Challenges for creditors in recovering debts when all Partners pass away

Chandhiok & Mahajan - Naman Golechha, Manichandan Reddy
Chandhiok & Mahajan - Naman Golechha, Manichandan Reddy

The Partnership Act defines ‘Partnership’ as the relation between ‘persons’ who have agreed to share the profits of a business carried on by all or any of them acting for all. Naturally, for a partnership to exist and subsist, a minimum of two surviving partners is mandatory. As per Section 42 of the Partnership Act, in a situation where one of the two partners dies or there remains only one surviving partner the partnership firm automatically dissolves.

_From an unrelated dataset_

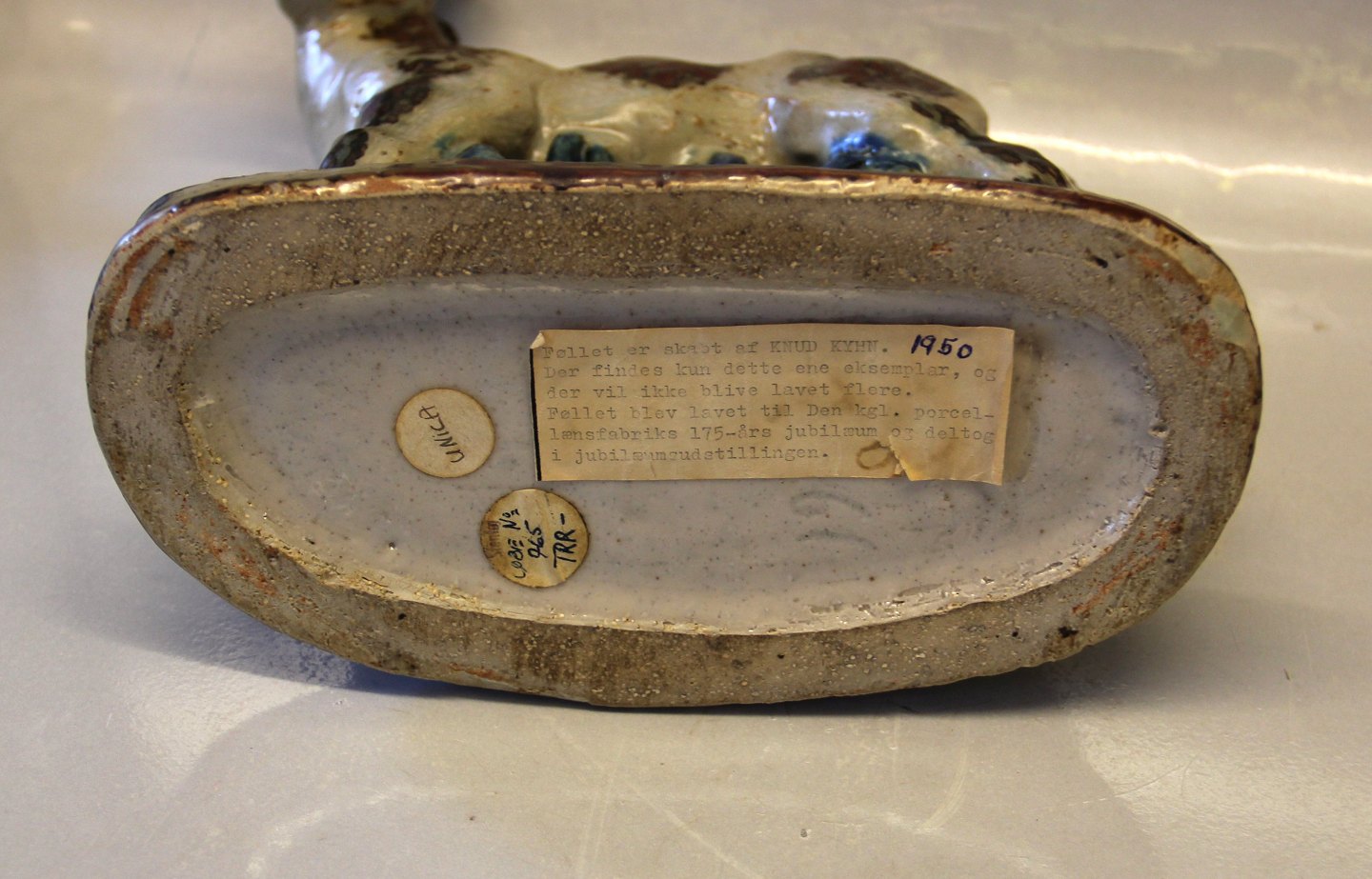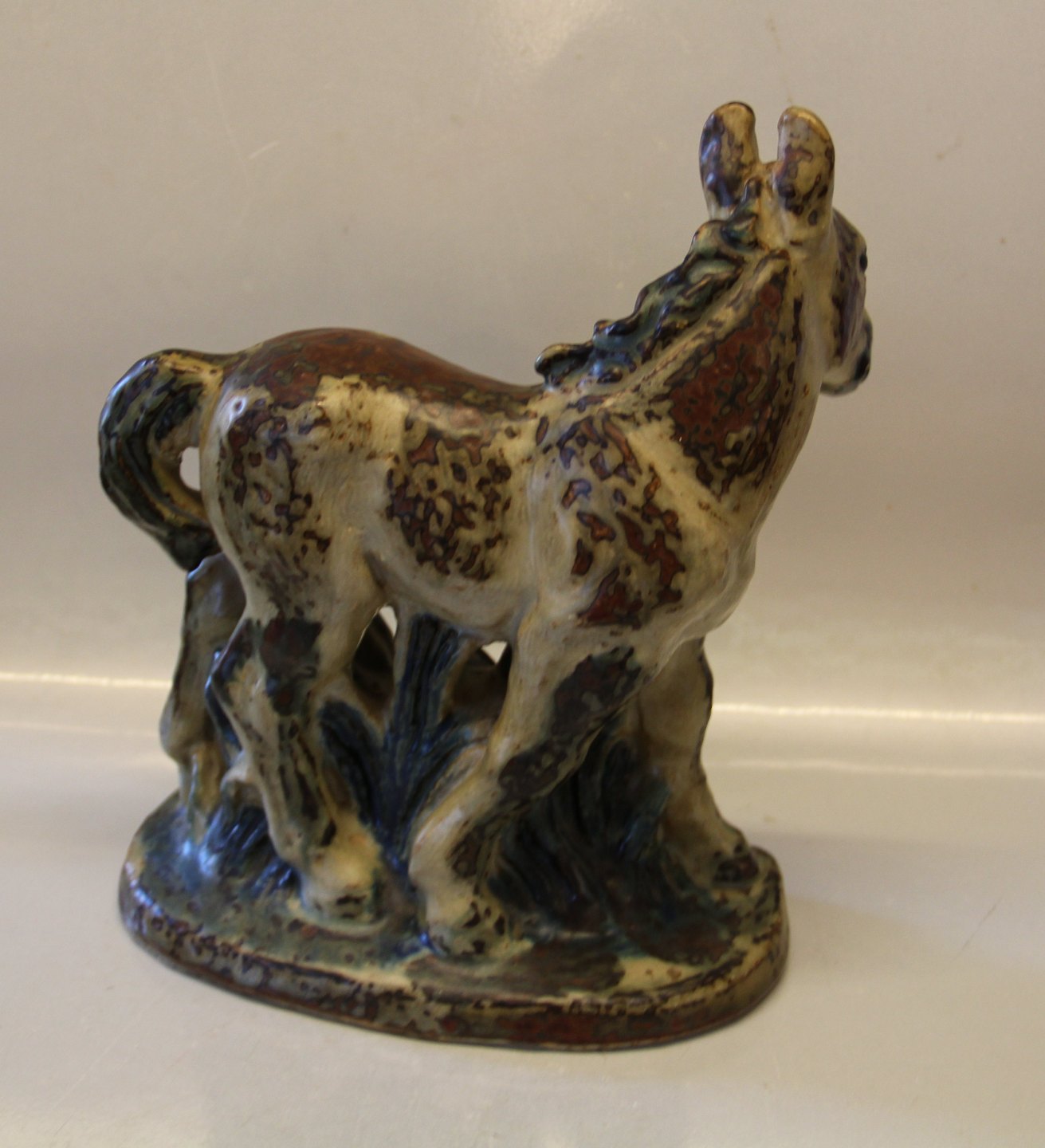 Description: Royal Copenhagen Stoneware Foal on base 27.5 x ca 24 cm 1953 Unique Knud Kyhn. In nice and mint condition

The fundamental principle of a partnership as encapsulated under Section 25 of the Partnership Act is that every partner is liable jointly and severally for all acts of the firm while he was/ is a partner. As a consequence, a sole surviving partner even after the dissolution of the firm upon the death of a partner, assumes unlimited liability to discharge any debt owed by the firm. This provision ensures that creditors can seek repayment from any partner for the full amount of the firm's debts, regardless of which partner was responsible for incurring the debt.

However, creditors face significant challenges in enforcing their debt in a situation where none of the partners survive. In such cases, the legal heirs of the partners are not liable for the debts of the firm, as they were never parties to the partnership agreement and thus cannot be held responsible for the obligations incurred by the firm. The principle of limited liability for heirs ensures that they are not required to pay the firm's debts from their personal assets.

In the same vein in the landmark case of SP Mishra & Ors. v. Mohd. Laiquddin Khan & Anr., the Hon’ble Supreme Court held that even a favourable decree obtained by a creditor against a partner cannot bind his/ her legal heirs, as such, the decree is not executable against them. The legal heirs of a deceased partner are not parties to the contract and such contract cannot confer rights or impose obligations arising under it on any third party, except parties to it.

In fact, the Hon’ble Supreme Court went a step further to hold that even if the partnership deed envisages that after the death of a partner his legal heirs would automatically enter the partnership, such a clause would be void ab initio as it would run contrary to the provisions of the Partnership Act and would be opposed to public policy.

Personal rights, distinct from proprietary rights, arise from contractual obligations or pertain to an individual's status. These personal rights are neither transferable nor inheritable. Correspondingly, even Section 306 of the Indian Succession Act, 1925, embodies the maxim "actio personalis moritur cum persona" (a personal right of action dies with the person), which applies to a specific class of cases where the right in question is not inheritable.

Therefore, creditors may find themselves without recourse to recover the amounts owed, as the deceased partners' estates may not have sufficient assets to cover the debts, and the heirs are protected from any personal financial liability.